The second fixing member 232 is configured by a tabular magnetic substance. The second fixing member 232 is fixed to a second side surface portion 211b of the first field magnet yoke 211 and to a second side surface portion 212b of the second field magnet yoke 212, respectively. With this arrangement, the second fixing member 232 fixes the first field magnet yoke 211 and the second field magnet yoke 212 to each other. The second side surface portion 211b of the first field magnet yoke 211 and the second side surface portion 212b of the second field magnet yoke 212 are positioned respectively at the other side in the moving direction (the B side in FIG. 8) and also at the other side in the orthogonal direction (the D side in FIG. 8).

As explained above, the first fixing member 231 and the second fixing member 232 are provided at both ends of the pair of field magnet yokes (211 and 212) in the moving direction. The first fixing member 231 and the second fixing member 232 are provided at symmetrical positions relative to a center on one principal surface of the first field magnet yoke 211 (or the second field magnet yoke 212). The first fixing member 231 and the second fixing member 232 have symmetrical shapes relative to a center on one principal surface of the first field magnet yoke 211 (or the second field magnet yoke 212).

An armature unit has an armature winding, and is provided between the first permanent magnets 221a to 221e and the second permanent magnets 222a to 222e, (not shown) in FIG. 8. A magnetic space is formed between the armature unit and the first permanent magnets 221a to 221e and between the armature unit and the second permanent magnets 222a to 222e, respectively.

FIGS. 9A and 9B are schematic diagrams for explaining a magnetic flux distribution in the field magnet unit according to the third embodiment. FIG. 9A is a front view of the field magnet unit from a viewpoint of the D side in FIG. 8, and FIG. 9B is a side view of the field magnet unit from a viewpoint of the A side in FIG. 8. Dashed-line arrows in FIGS. 9A and 9B represent a flow of a magnetic flux.

As shown in FIG. 8, in the field magnet unit according to the third embodiment, both ends of the pair of field magnet yokes (211 and 212) are fixed to each other by the first fixing member 231 and the second fixing member 232 that are configured by a magnetic substance. Therefore, in addition to a magnetic circuit shown in FIG. 9A, a magnetic circuit shown in FIG. 9B is also additionally formed. As shown in FIG. 9B, in this additional magnetic circuit, a magnetic flux passes from the first permanent magnets 221c to 221e to the first field magnet yoke 211, the first fixing member 231, the second field magnet yoke 212, and the second permanent magnets 222c to 222e, and then returns to the first permanent magnets 221c to 221e again. In this additional magnetic circuit, although not shown in FIG. 9B, there is also formed a route through which a magnetic flux passes from the first permanent magnets 221a to 221c to the first field magnet yoke 211, the second fixing member 232, the second field magnet yoke 212, and the second permanent magnets 222a to 222c, and then returns to the first permanent magnets 221a to 221c again. Therefore, leakage magnetic fluxes at both ends of the field magnet unit in the moving direction are reduced. The field magnet unit from a viewpoint of an armature unit (not shown) has relatively cyclical boundaries at both ends of the field magnet unit, and has field magnets that are equivalent to those having an even number of poles. That is, the amount of biases generated in a magnetic flux density in the magnetic space between the armature unit and the field magnet unit can be reduced.

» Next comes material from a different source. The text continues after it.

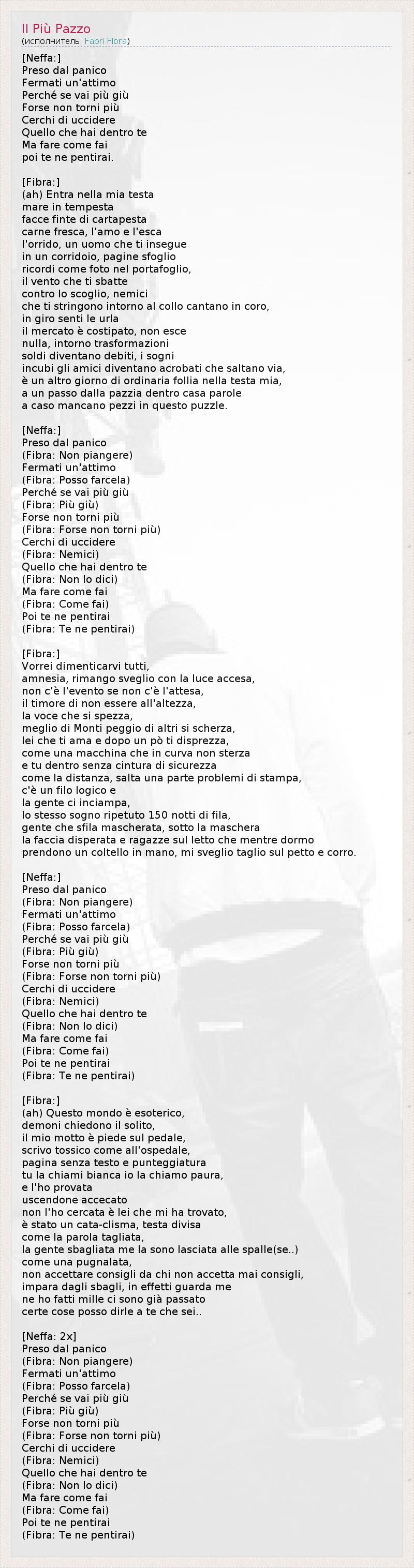 [Неффа:] В панике Остановись, одумайся. Ведь если ты падаешь, Возможно, вернуться уже не получится никогда. Если попытаешься убить То, что у тебя внутри, Об этом поступке Ты потом пожалеешь. [Фибра:] В моей голове Начинается буря, Лица - маски из папье-маше, Свежая плоть, любовь и приманка В ущелье, человек, который тебя преследует В коридоре, на страницах Воспоминаний, как фотографии в портфолио, Ветер, который бросает тебя На скалы, отовсюду слышны голоса врагов, Которые сжимают тебе горло, поют хором, Горланят во всю глотку - Трансферный рынок [в футболе] переполнен, ему не уйти. Ничего! Ничего не изменилось! Деньги превращаются в долги, в снах Друзья становятся акробатами и срываются с трапеции. Просыпаешься на следующий день - и в голове царит привычное безумие, Всего в шаге от полного сумасшествия в моем доме - про дом я добавил На случай, если в этом паззле есть недостающие части. [Неффа:] В панике (Фибра: не плачь) Остановись, одумайся. (Фибра: я могу с этим справиться) Ведь если ты падаешь, (Фибра: еще ниже) Возможно, вернуться уже не получится никогда. (Фибра: Может быть, никогда не вернусь) Если попытаешься убить (Фибра: враги) То, что у тебя внутри, (Фибра: не говори) Об этом поступке (Фибра: твоём поступке) Ты потом пожалеешь. Фибра: пожалеешь) [Фибра:] Хочу забыть всех вас, Амнезия, не смыкаю глаз, оставив свет включённым. Если ничего не ждать, ничего и не произойдет. Страх оказаться не на высоте, Прерывающийся голос, Лучше, чем Монти, 1 и хуже чем остальные шутит Она, которая любит тебя, но вскоре уже презирает, Как машина, у которой на повороте отказывает руль, А ты, сидящий внутри, не пристегнут; Как пустое место в газете - опечатка, Что вполне логично: Люди натыкаются на такое случайно. И тот же сон повторяется сто пятьдесят ночей подряд: Люди сбрасывают маски, а под маской Гримаса отчаянья. И девчонки в моей постели, пока я сплю, Хватают нож. Я просыпаюсь с раной в груди и убегаю прочь. [Неффа:] В панике (Фибра: не плачь) Остановись, одумайся. (Фибра: я могу с этим справиться) Ведь если ты падаешь, (Фибра: еще ниже) Возможно, вернуться уже не получится никогда. (Фибра: Может быть, никогда не вернусь) Если попытаешься убить (Фибра: враги) То, что у тебя внутри, (Фибра: не говори) Об этом поступке (Фибра: твоём поступке) Ты потом пожалеешь. Фибра: пожалеешь) [Фибра:] Ах, этот сказочный мир, Демоны просят всё того же. Мой девиз - крути педали. Пишу заразно, как в больнице. Страница без текста и знаков препинания, Ты назовешь ее пустой, я назову это страхом, И я это доказал. Выхожу ослепленный, Не искал её - она сама меня нашла. Случилась беда, голова раскалывается, Как укороченное слово. Люди совершили ошибку, оставив меня позади, Словно ножом ткнули... Не принимай советы от тех, кто сам никогда не следует чужим советам, Учись на ошибках, реально, посмотри на меня: Да у меня тысячи ошибок в прошлом, И по некоторым вещам могу сказать тебе, что ты... [Неффа: 2x] В панике (Фибра: не плачь) Остановись, одумайся. (Фибра: я могу с этим справиться) Ведь если ты падаешь, (Фибра: еще ниже) Возможно, вернуться уже не получится никогда. (Фибра: Может быть, никогда не вернусь) Если попытаешься убить (Фибра: враги) То, что у тебя внутри, (Фибра: не говори) Об этом поступке (Фибра: твоём поступке) Ты потом пожалеешь. Фибра: пожалеешь) 1 - Председатель Совета министров Италии с 2011 года

As explained above, according to the third embodiment, by providing the first fixing member 231 and the second fixing member 232, the amount of biases generated in a magnetic flux density in the magnetic space between the armature unit and the field magnet unit can be reduced even when the field magnet unit has odd-numbered-pole field magnets. As a result, even when the field magnet unit has odd-numbered-pole field magnets, sufficient motor characteristics can be obtained. The pair of field magnet yokes (211 and 212) can be fixed to each other by nonmagnetic members that become strength members, in addition to the first fixing member 231 and the second fixing member 232.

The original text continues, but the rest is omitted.